The interaction between JWT authentication and file path construction becomes critical when endpoints expose file downloads or administrative operations. Even if the JWT is properly signed and contains correct scopes, the server must treat all path inputs as untrusted. Without strict validation—such as resolving paths with os.path.realpath and ensuring they remain within the intended directory—Zip Slip can bypass logical access controls implied by JWT scopes, leading to unauthorized file access.

To remediate Zip Slip in Fastapi when JWT tokens are used, ensure path construction is isolated from token-derived values and enforce strict path validation. Avoid building filesystem paths directly from JWT claims. Instead, use an allowlist of permitted resources or map token identifiers to safe internal identifiers. Always resolve and normalize paths and verify they remain within the intended base directory.

Example of a vulnerable pattern:

import os
from fastapi import Depends, Fastapi
from jose import jwt, JWTError

app = Fastapi()
SECRET = "secret"
ALGORITHM = "HS256"

BASE_DIR = "/safe/files"

def get_current_user(token: str):
    try:
        payload = jwt.decode(token, SECRET, algorithms=[ALGORITHM])
        username: str = payload.get("sub")
        if username is None:
            raise HTTPException(status_code=401, detail="Invalid authentication")
        return username
    except JWTError:
        raise HTTPException(status_code=401, detail="Invalid token")

@app.get("/download/{filename}")
def download_file(filename: str, token: str = Depends(get_current_user)):
    # Vulnerable: using token-derived username directly in path
    user_dir = os.path.join(BASE_DIR, token)  # or username from JWT
    filepath = os.path.join(user_dir, filename)
    if not filepath.startswith(os.path.realpath(BASE_DIR)):
        raise HTTPException(status_code=403, detail="Access denied")
    with open(filepath, "rb") as f:
        return f.read()

Issues include using the token or a claim to build a directory path and only performing a prefix check, which can be bypassed with encoded paths or null bytes in some Python versions.
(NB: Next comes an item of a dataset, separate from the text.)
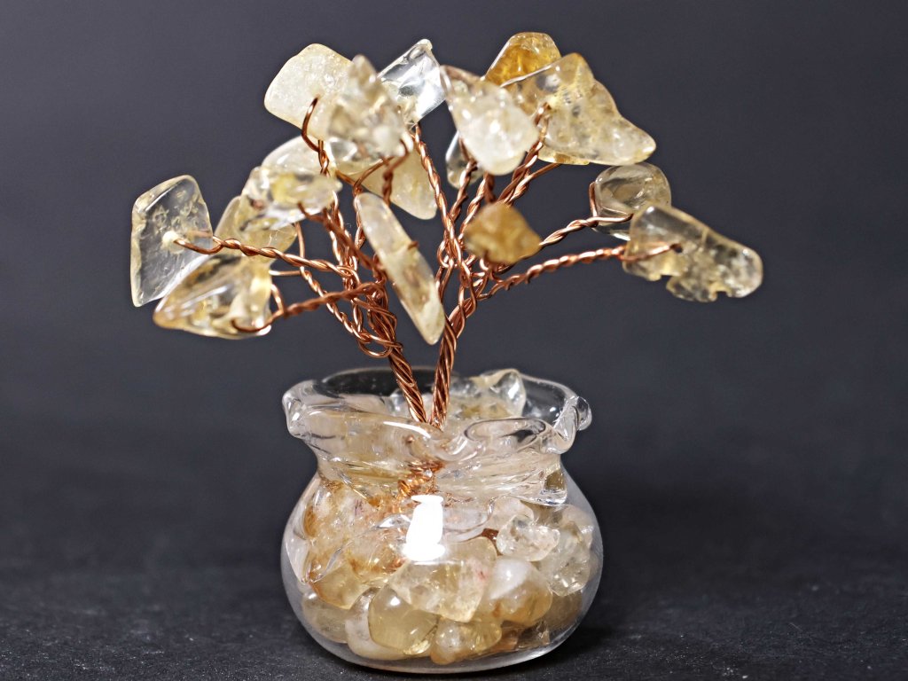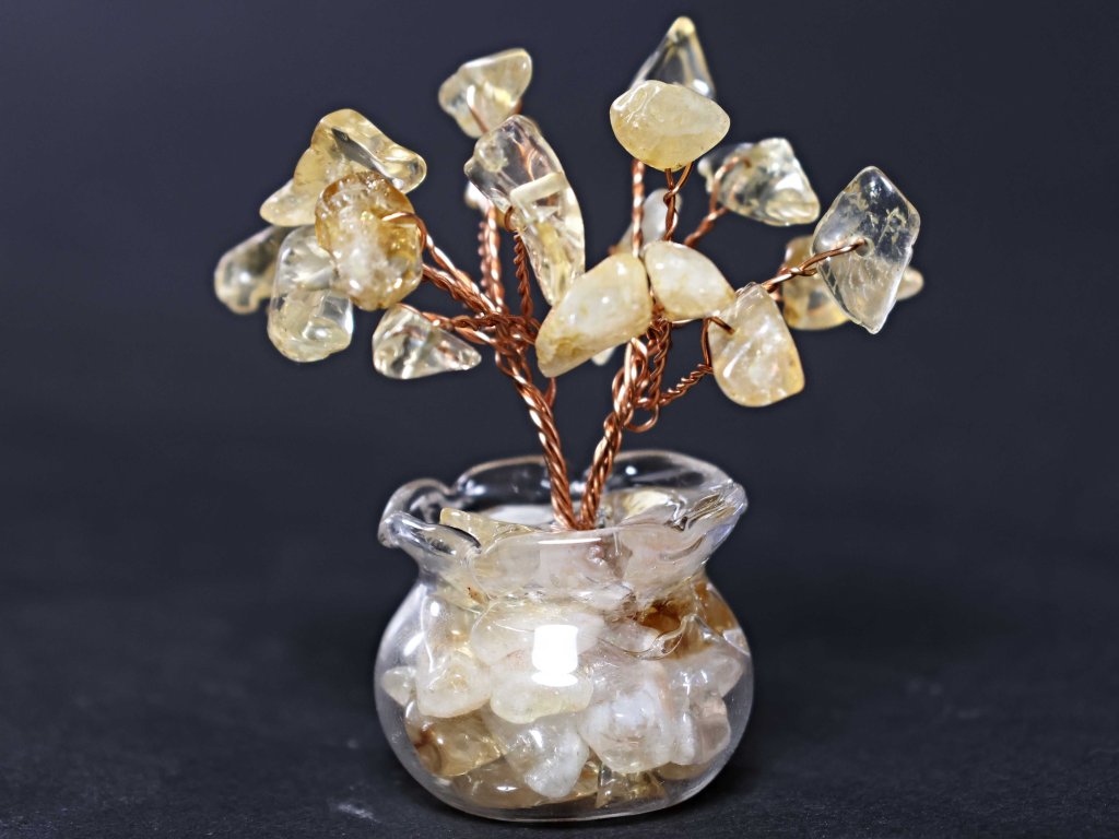 Tento jemný stromeček štěstí je vyroben z tromlovaných kamenů citrínu, které jsou uchyceny na kroucených drátcích tvarovaných do podoby větviček. Umístěn je do dekorativní skleněné vázičky, jež je plněna dalším citrínem – výsledkem je dokonale sladěný a zářivý celek.

The correct approach is to treat the filename as an identifier, map it to a safe location, and avoid concatenating user input into paths derived from JWT claims.
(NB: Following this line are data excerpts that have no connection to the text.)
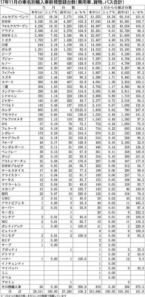 17年11月の車名別輸入車新規登録台数は上位のドイツ勢がいずれも堅調で、このうちフォルクスワーゲンは同28・6%増を記録した。一方、BMWミニは同1・6%減にとどまった。 この他ではプジョーが4割増、ルノーも2割増となっているうえシトロエ...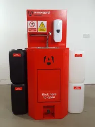 The Armorgard ScrubKart Mobile Hand Wash Station was acquired from a university laboratory where it was deemed surplus to requirements. The unit is confirmed by the site to be in good working condition. While it powers up successfully, further testing has not been conducted. It presents a good cosmetic condition, albeit with minor usage marks. Accompanying the station are four 10-liter liquid containers: two designated for clean water and two for wastewater. Overall dimensions are L 65 cm x W 75 cm x H 1456 cm, offering a compact and efficient solution for on-site sanitation needs.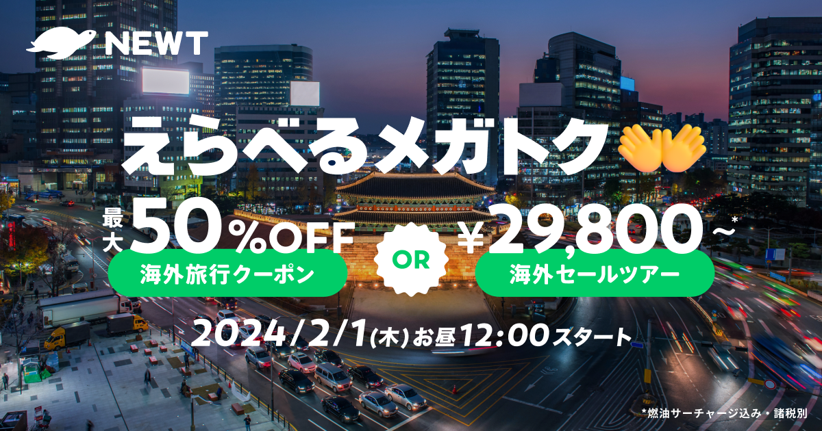 『NEWT』は、海外旅行によって豊かな人生を築くきっかけづくりを支援しています。新しい経験や学び、冒険と挑戦、国際的な視野など、海外旅行に求めるものは人によって異なる中で、それぞれの旅スタイルに合わせた海外旅行を実現して欲しいという思いから、当社では最大50%OFFクーポンかおトクなセールツアーをお選びいただけるえらべるメガトクキャンペーンを実施します。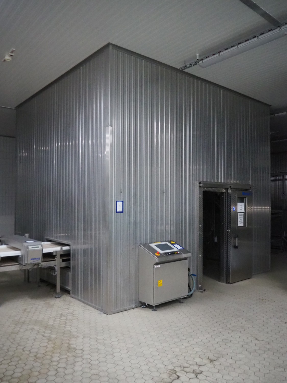 NN room for laser sorting, s/s isolated panels with 2 Sterkel sliding doors, type: 20, fabrication number: 2973701 & 2973702, year of construction: 9 2003, dimensions: 880 mm x 80 mm x 2030 and 1280 mm x 80 mm x 2220 mm, total dimensions: 5100 mm x 4600 mm x 4350 mm.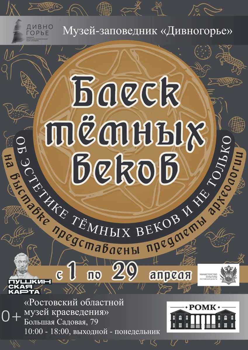 В Ростовском областном музее краеведения начала работу выставка «Блеск темных веков», посвященная украшениям населения юга Восточной Европы в эпоху раннего Средневековья. Воронежскую и Ростовскую области объединяет общая история, и одним из ее сюжетов является именно тот период, когда территории современных регионов входили в состав Хазарского каганата. Выставочный проект основан на коллекции археологических находок с памятников салтово-маяцкой археологической культуры, в частности с Маяцкого археологического комплекса, который расположен на территории музея-заповедника «Дивногорье». Помимо традиционных типов украшений, таких как перстни, серьги и браслеты, в коллекцию также вошли предметы женского туалета, амулеты и детали одежды. Выставка будет доступна для посещения до 29 апреля.

Secure implementation example:

import os
from fastapi import Depends, Fastapi, HTTPException
from jose import jwt

app = Fastapi()
SECRET = "secret"
ALGORITHM = "HS256"

BASE_DIR = "/safe/files"

def get_current_user(token: str):
    try:
        payload = jwt.decode(token, SECRET, algorithms=[ALGORITHM])
        username: str = payload.get("sub")
        if username is None:
            raise HTTPException(status_code=401, detail="Invalid authentication")
        return username
    except JWTError:
        raise HTTPException(status_code=401, detail="Invalid token")
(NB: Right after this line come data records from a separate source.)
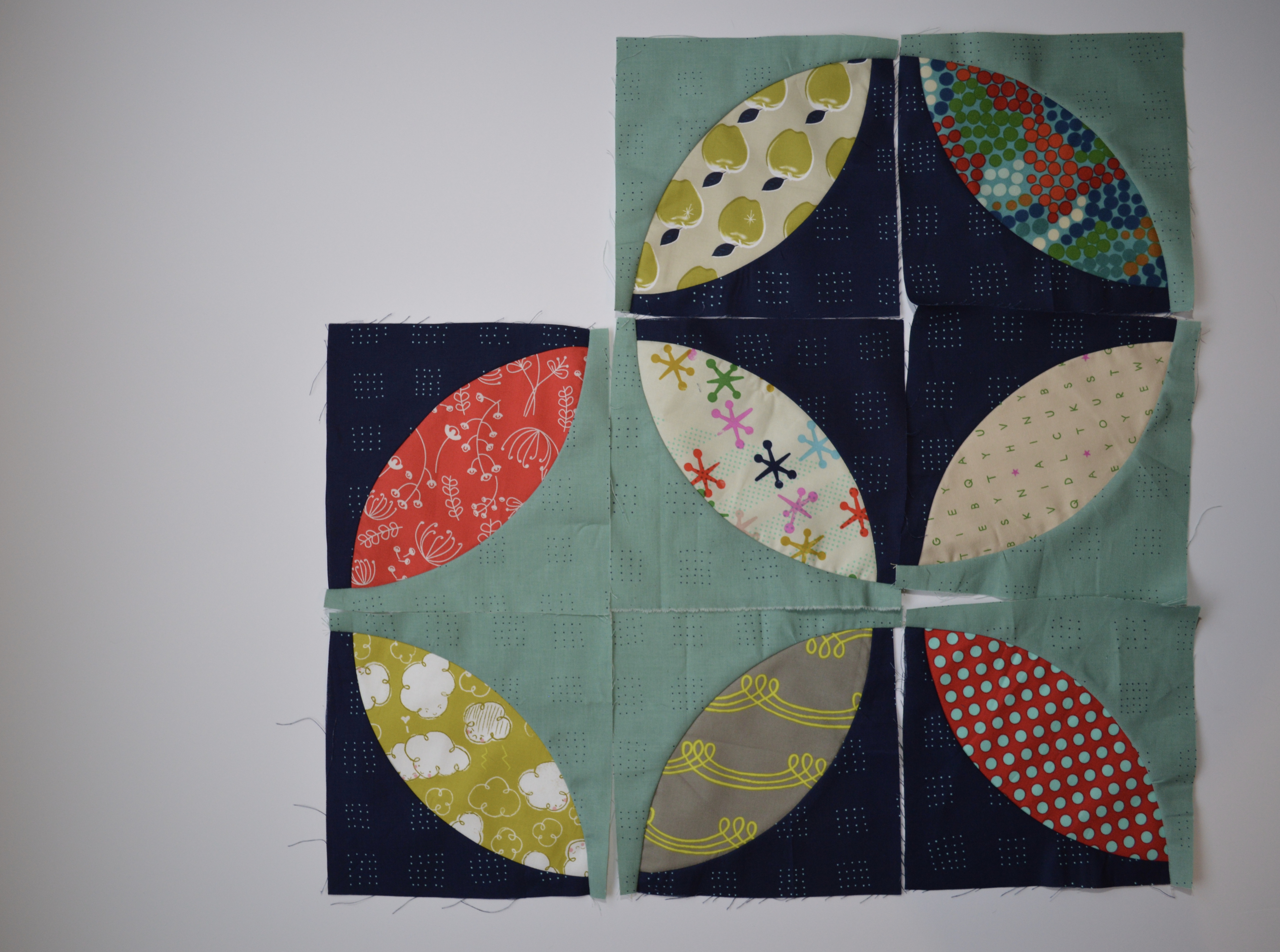 I make maximum use of my time by cutting several of the pieces and keeping them in a plastic pouch with a container of pins. I can take this with me when I know I will be sitting or waiting (soccer practice, watching a movie with my kids) and pin the curves. The pinned units then sit on a corner of my sewing table and I sew one here and there mixed in with whatever project I am currently working on. This is a great way to keep some variety in your sewing and it is so gratifying when you look and realize you have a whole bunch of blocks sewn without making any real effort. Bonus!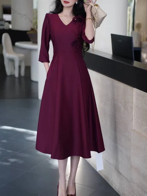 • V-Neck Design : The V-neck design of this dress accentuates your neckline, adding a touch of elegance and sophistication.
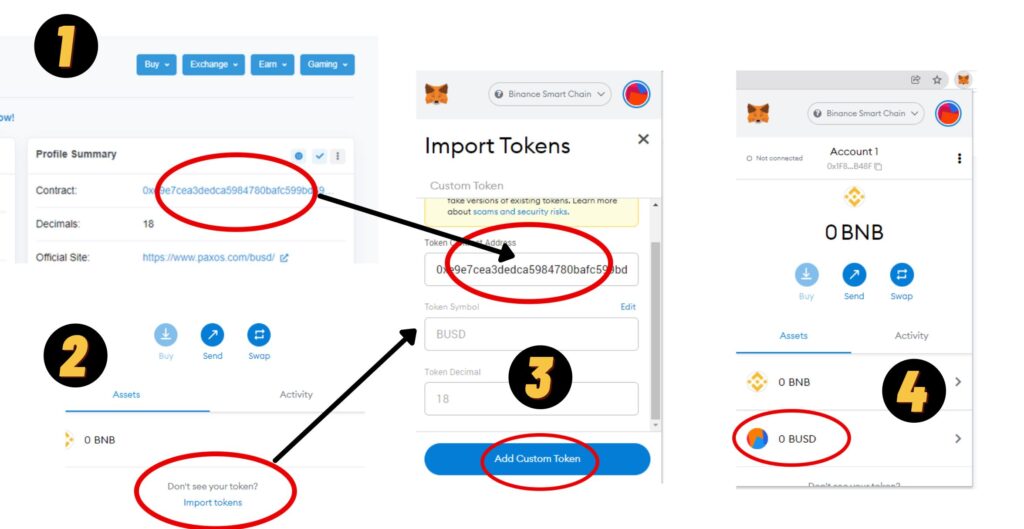 3. นำข้อมูลที่ได้กลับมากรอกใน Metamask โดยการกด Import Tokens และใส่ข้อมูลที่เราไปหามาตามภาพด้านล่าง

def safe_path(user_id: str, filename: str) -> str:
    # Map user identity to a safe directory name, avoid direct concatenation
    sanitized_user = "user_" + user_id.replace("/", "_").replace("\", "_")
    candidate = os.path.normpath(os.path.join("uploads", sanitized_user, filename))
    full = os.path.realpath(os.path.join(BASE_DIR, candidate))
    if not full.startswith(os.path.realpath(BASE_DIR)):
        raise HTTPException(status_code=403, detail="Path traversal detected")
    return full

@app.get("/download/{filename}")
def download_file(filename: str, token: str = Depends(get_current_user)):
    # Assume get_user_id decodes and returns a safe user identifier
    user_id = token  # in practice, extract a stable user ID from the token
    filepath = safe_path(user_id, filename)
    with open(filepath, "rb") as f:
        return f.read()

Key practices: resolve paths with os.path.realpath, normalize with os.path.normpath, avoid using raw JWT claims or usernames directly in filesystem paths, and enforce that the final path must start with the real base directory. Treat filenames as opaque identifiers and map them to filesystem-safe names or use a database-backed mapping between tokens and allowed resources.